Même les Tonga, qui ont été visitées quatre fois au cours de la dernière année en raison d’un afflux de fonds de recherche pour des groupes étudiant l’éruption, ne devraient pas recevoir une autre grande mission avec équipage au cours des prochaines années, a déclaré Cronin. Le coût est tellement élevé. Il faudrait probablement des décennies pour étudier chaque volcan en détail, même ceux de l’arc tongien. C’est dommage, dit Walker, car ce type d’expéditions est l’un des rares moyens par lesquels les scientifiques se rapprochent suffisamment pour voir réellement comment les volcans se comportent. Un scénario idéal impliquerait plus de financement pour ces missions, ainsi que des investissements dans l’amélioration de nouvelles technologies, comme les navires autonomes, qui peuvent être difficiles à opérer en pleine mer dangereuse.
Sans eux, les scientifiques sont coincés à regarder à distance. C’est difficile à faire lorsque vous essayez d’observer des événements sous-marins, mais pas impossible. La technologie satellitaire peut repérer des objets connus sous le nom de radeaux de pierre ponce – des feuilles de roche volcanique flottante qui flottent à la surface de l’eau – ainsi que des proliférations d’algues, qui sont nourries par les minéraux libérés par les volcans. Et l’USGS, ainsi que ses homologues australiens, sont en train d’installer un réseau de capteurs autour des Tonga qui peuvent mieux détecter l’activité volcanique, combinant des stations sismiques avec des capteurs sonores et des webcams qui surveillent les explosions actives. S’assurer qu’il reste opérationnel sera un défi, dit Lowenstern – une question de garder les systèmes connectés aux données et aux sources d’alimentation et de s’assurer que Tonga peut doter les installations en personnel. Il ajoute que les Tonga ne sont que l’un des nombreux pays du Pacifique qui pourraient bénéficier de cette aide. Mais c’est un début.
L’un des avantages d’étudier le volcan Hunga de si près est que les chercheurs ont maintenant identifié de nouvelles caractéristiques volcaniques à surveiller.
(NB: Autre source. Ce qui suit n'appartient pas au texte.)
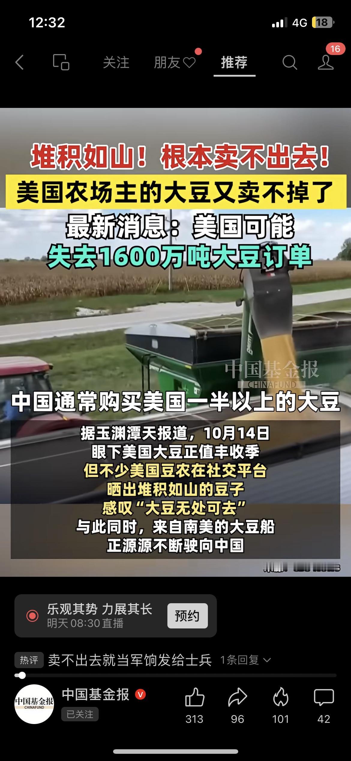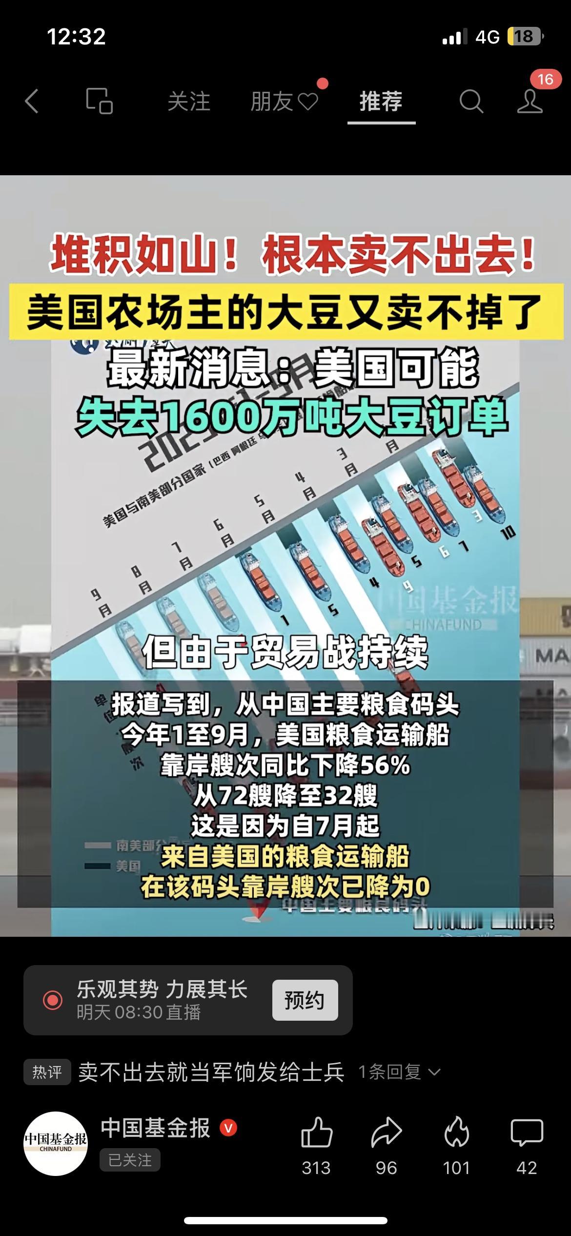 【重磅!美国大豆丰收季遇“滞销噩梦”】眼下美国大豆正迎来丰收,但农场主们却笑不出来——社交平台上“堆积如山”的大豆照片刷屏,全在感叹“根本卖不出去”! 更扎心的是,美国可能要失去1400 - 1600万吨大豆订单!要知道,中国曾是美国大豆的“头号买家”,通常买下其一半以上的产量。但今年1 - 9月,中国主要粮食码头的美国粮食运输船靠岸艘次暴跌56%,7月后更是“零靠岸”! 与此同时,南美大豆船正源源不断驶向中国……市场调研公司直言:“失去中国,美国就等于失去半个大豆市场!” 这场贸易变局下,美国农场主的大豆还能“找着北”吗?你怎么看?美国大豆出口 中美大豆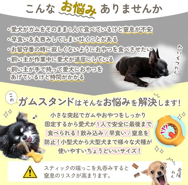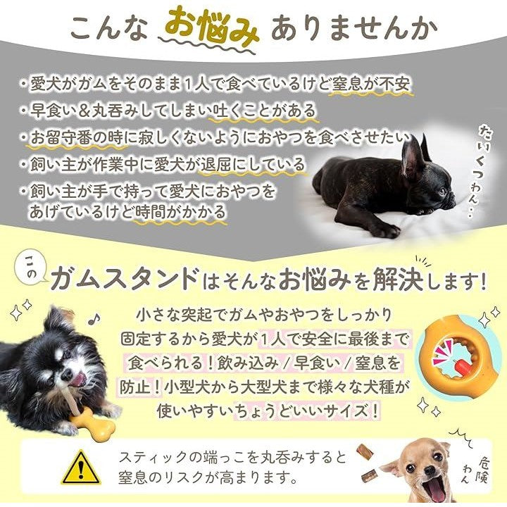 このようなお悩みはありませんか? ・ガムやおやつを愛犬にあげる際に手で上げているけど時間がかかる ・愛犬がガムをそのまま1人で食べているけど窒息が不安。

Au cours des prochaines années, Cronin prévoit un processus d’identification des volcans nécessitant plus d’attention. Lors de leur dernier voyage à Hunga en 2022, l’équipe de Cronin a profité du temps passé sur le navire pour visiter deux autres volcans sous-marins de la région, dont un à environ 100 miles au nord avec une topographie de type mesa qui ressemble à Hunga avant son éruption. Les cartes serviront de référence pour les futures enquêtes qui parviennent à sortir sur l’eau, un moyen pour les chercheurs de déterminer l’ampleur de l’action qui se déroule sous la mer et la roche. Jusqu’à présent, rapporte Cronin, l’océan est calme.